Yesterday's workshop was a relaxed, creative and inspiring morning of meditation, movement, dream making, art making and discussion.


But that isn't what I want to talk about.  We will offer this workshop again and I will talk it up then.  I will encourage you to come and will send you many invites.  You will be made well aware of why you should take this particular workshop.  And you should take this workshop.   But that isn't what I want to talk about.


What I want to talk about is MY traveling altar.  I had a bit of a vision of what I might want to include before hand.  One of my friends had introduced the idea of writing affirmations on her phone- things that she wanted in her life.  I loved the idea and copied it.  My smart phone has meaningful messages on the screens, reminders to practice gratitude along with reassurances and visions such as, "You have all the time you need," and "Decisions are made with ease."  At the workshop, I realized that my phone messages are a form of an altar- a collection of ideas that are important to me- ideas I place on high. 


I imagined my altar box to include objects that represented love, financial security, creative expression, yoga, a thriving massage practice- the things that I put on the vision board I had made earlier and on my telephone altar.  When I do finish filling my traveling altar, I am sure it will have ephemera that will represent all of that, but the altar box itself took on a direction that I didn't expect. 
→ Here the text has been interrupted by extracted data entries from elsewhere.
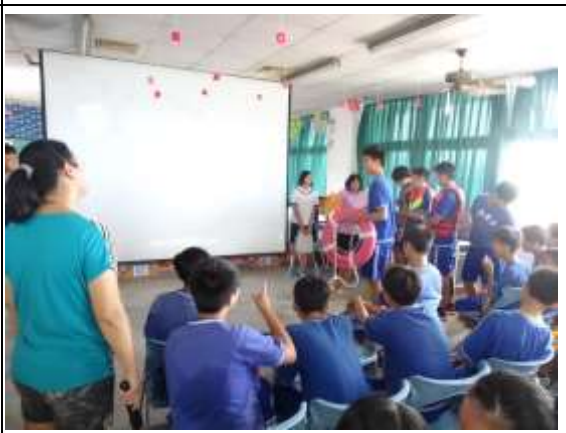
說明：救生圈使用教學
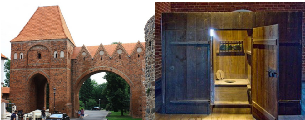
Rys. 7 Gdanisko (dankster) w Toruniu – jedyna zachowana obecnie część zamku

Jednak wykusze latrynowe to nie jedyny sposób rozwiązywania kwestii toalet publicznych w średniowiecznych zamkach. Często pojawiają się także wieże kloaczne, zwane danksterami lub gdaniskami 6 (rys.7) [16]. Prawdopodobnie pierwsze wieże kloaczne powstały w zamkach krzyżackich w Malborku (gdzie ulokowano rząd zamykanych kabin (rys.8), Grudziądzu czy Królewcu, jednak z czasem zaczęto je stosować w budownictwie nie związanym tylko z zakonem krzyżackim, ale także w zamkach biskupich, czy siedzibach kapituły. Należy także pamiętać, że wieże kloaczne, oddalone od zasadniczej części zamku, połączone z nim najczęściej krytym gankiem, pełniły oprócz funkcji sanitarnej także funkcję obronną, były bowiem strzelnicami, wysuniętymi poza linie murów obronnych. Niezmiernie ciekawym rodzajem toalet publicznych były także średniowieczne toalety klasztorne. Klasztory, zwłaszcza cysterskie, bardzo często lokowano w bliskości rzek lub strumieni, dlatego w wielu z nich istniały kanały z bieżącą wodą, które odprowadzały nieczystości z obrębu clastrum. To w klasztorach, już w średniowieczu, pojawiają się pierwsze publiczne toalety z wydzielonymi kabinami [18]. Ma to miejsce zarówno w klasztorach męskich jak i żeńskich. Bez wątpienia wpływ na ich kształtowanie ma sposób życia zakonnego i dbałość o zachowanie odosobnienia, a wręcz intymności. Jednak klasztory i zamki, to miejsca po tym względem wyjątkowe. W miastach toalety publiczne niemal nie występowały.
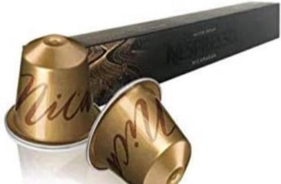
Cápsulas Nicaragua de Nespresso.
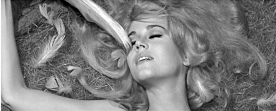
Abb. 3: Barbarella im Engelsnest.
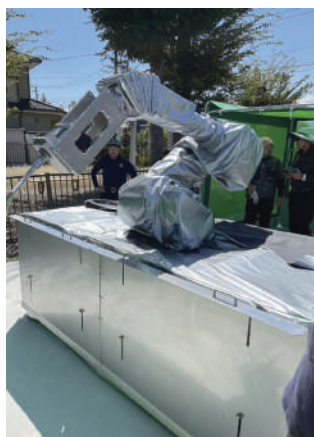
自動走行ロボット 橋梁用 (左)、道路用
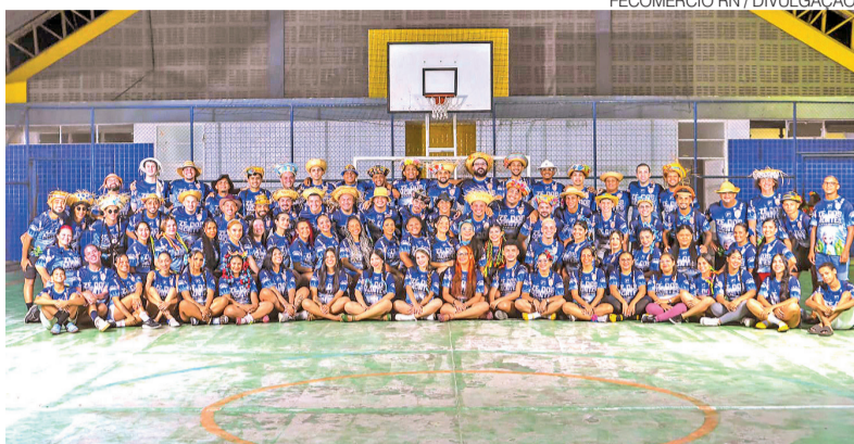
Apresentação dos grupos visa a incrementar vendas no comércio natalense
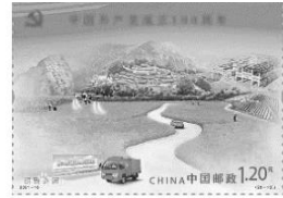
建党百年纪念邮票 《摆脱贫困》
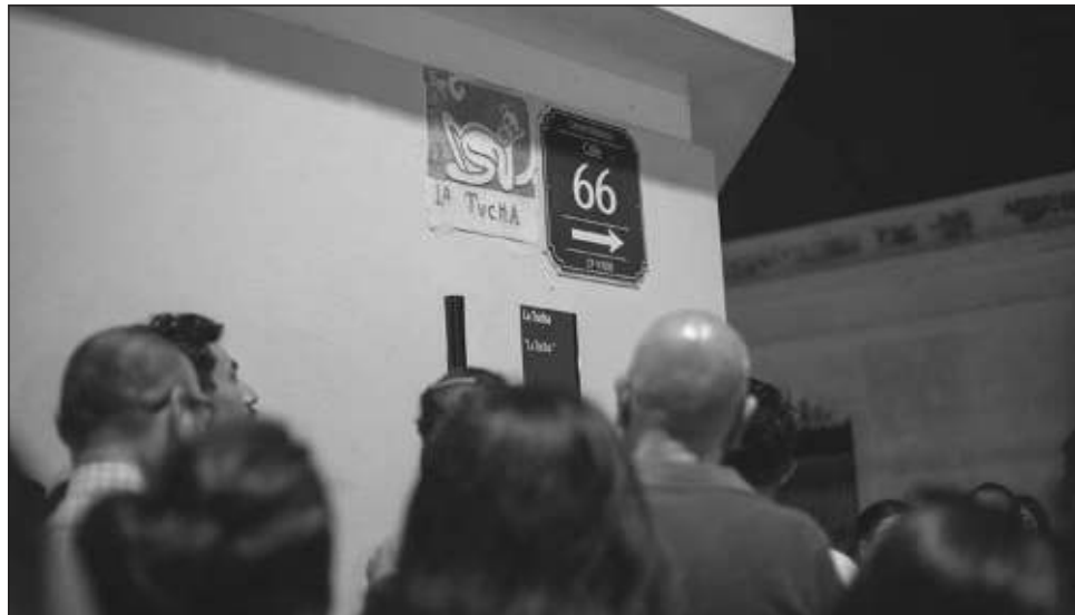
▲ El viernes la cita es a las 7 y a las 9 de la noche a partir del paso peatonal de la Calle 43, donde las actrices compartirán un repaso de los sucesos más importantes.

Este 24 de mayo se retoman estos recorridos agre-
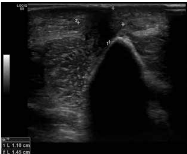
Obr. 5. Sonografický nález fibrózního uzlu v podkoží pravého loktu před léčbou antibiotiky

Klinicky se ACA projevuje 6 měsíců až 8 let po nákaze. Jen 30 % pacientů udává prodělané erythema migrans
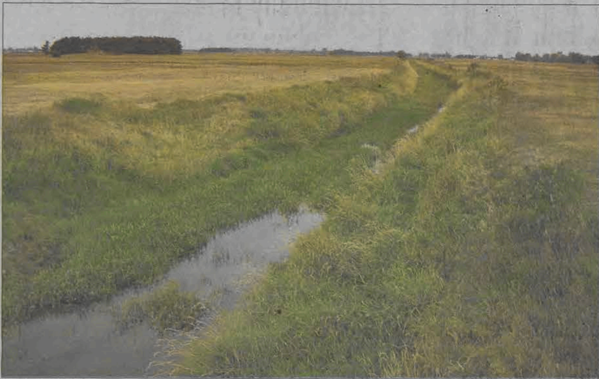
To była Słudwia - można powiedzieć patrząc na rzekę, która od dłuższego czasu wygląda jak trawnik.
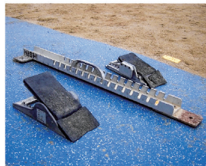
別売の競技用器具もご使用いただけます ※使用いただけない器具もございます
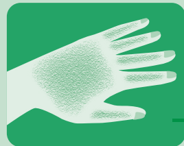
水仕事などで ガサガサ の手指
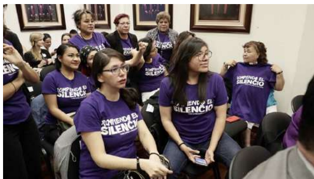
Mujeres mexicanas víctimas de tortura sexual en San Salvador Atenco en 2006, durante las audiencias públicas en la Corte IDH.

De acuerdo con la Entidad de Naciones Unidas dedicada a promover la Igualdad de Género y el Empoderamiento de las Mujeres, ONU Mujeres, durante los últimos 25 años los conflictos y las crisis humanitarias se han vuelto más complejos, violentos y prolongados. Empero, las mujeres y las niñas tienen un papel fundamental que desempeñar, son las primeras en responder y asumir nuevos roles al interior y exterior de los hogares.
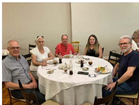
AMIGOS: todo o momento é importante
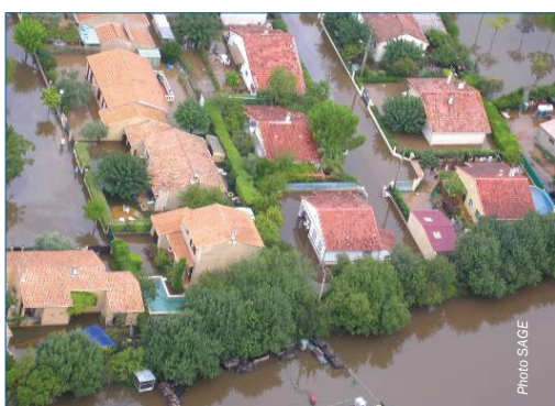
Des ressources et des milieux fragiles
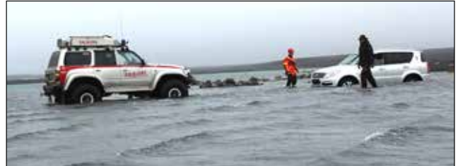
Holuhraun í mars 2015.
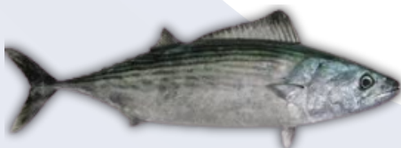
IKAN TONGKOL MACKEREL TUNA
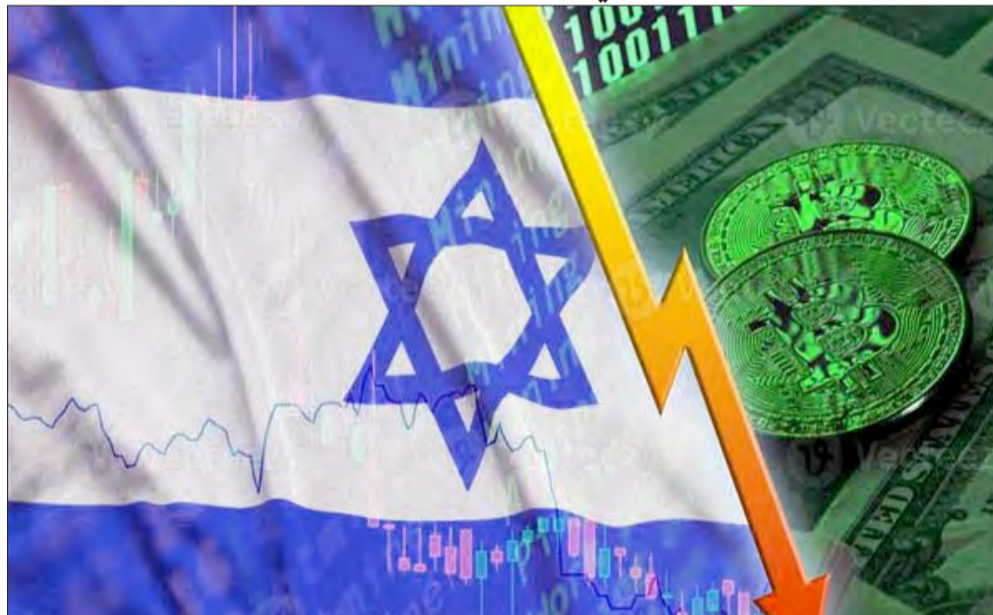
خبراء: إسرائيل تخفي خسائرها واستمرار انهيار اقتصادها بسبب الحرب في غزة

في بداية الحرب على غزة خالفت صحيفة «يديعوت أحرنوت» هذه السياسة، ونشرت تقريراً صادماً عن خسائر جيش الاحتلال وقالت فيه أن عدد الجنود الجرحى بلغ نحو 5 آلاف من بينهم
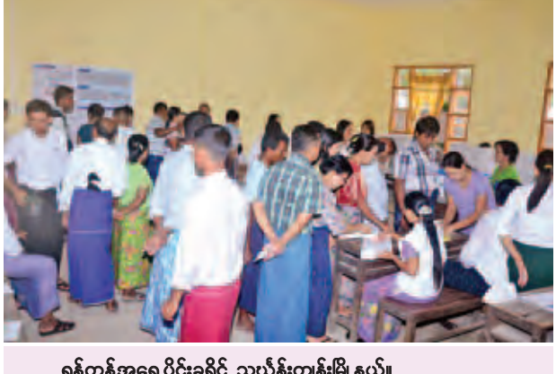
ရန်ကုန်အရှေ့ပိုင်းခရိုင် သယ်နန်းကျွန်းမြို့နယ်၊
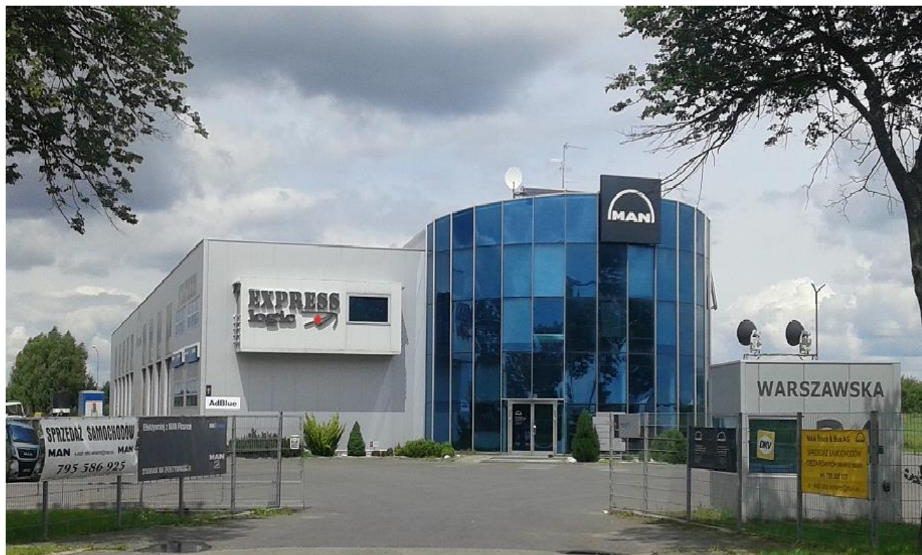
Siedziba Firmy EXPRESSLOGIC Spółka Jawna w Starym Opolu

Firma EXPRESSLOGIC Spółka Jawna powstała w 1994 roku i chodź od jej powstania minęło zaledwie 18 lat, zdołała zbudować znaczącą pozycję na rynku przewozów drogowych w relacji Wielka Brytania - Rosja. Przez cały ten okres firma inwestowała w modernizację floty oraz infrastruktury, w wyniku czego powstało nowoczesne przedsiębiorstwo logistyczne zorganizowane w cztery wyspecjalizowane działy i obejmujące zasięgiem działania Europę oraz część Azji. Nowoczesna flota 100 własnych pojazdów wsparta technologią komunikacji i lokalizacji z kompleksowym zapleczem serwisowym pozwala na profesjonalne i kompleksowe jej zarządzanie oraz terminowość / niezawodność świadczonych usług. Atutem EXPRESSLOGIC jest posiadanie w ramach floty zróżnicowanego taboru, w tym naczep standard, mega oraz chłodni przystosowanych do transportu towarów w temperaturze kontrolowanej. Działalność EXPRESSLOGIC jest dedykowana dla sektora małych, średnich i dużych przedsiębiorstw, które zdecydowały się na outsourcing usług transportowych / logistycznych. EXPRESSLOGIC gwarantuje ciągłość realizacji umów przewozu do Rosji, na Białoruś i Ukrainę z racji posiadania wielokrotnych zezwoleń - CEMT/EKMT na wykonywanie przewozów do w/w państw (ruch w obrębie UE odbywa się bez zezwoleń).

I found myself thumbing through travel magazines, my fingers reaching for travel themed collage paper and cutting out maps.  And when I heard another woman read the phrase, "We are not in Kansas anymore," from a tin of movie themed magnetic words, I, the girl who grew up in Kansas, pounced on it.  My altoid box turned traveling altar is covered with a maps, passport stamps and images of postcards.  A traveling traveling altar!  Who knew that I had the travel bug?  Recently I renewed my passport, but I did so without any emotion or fantasy.  Passport renewal was just an item on my to do list; it seemed like just another something that had to be done.  During the workshop, however, the dream of world travel was awakened!  For so many years, money and circumstances have made travel unrealistic.  And even though I have no plan for world travel right now, what I have realized from my other envisioning projects, that once a seed has been planted, things do begin to shift and what might start off feeling like a crazy dream can slowly begin to feel very possible.

Other participants spoke of the same phenomenon- that their altars took on a different direction than they expected.   Since we took time to become fully present in our bodies before we started our creative work, it doesn't really surprise me.  The body is ripe with wisdom and when we tune inward and pay attention, we can reap the harvest.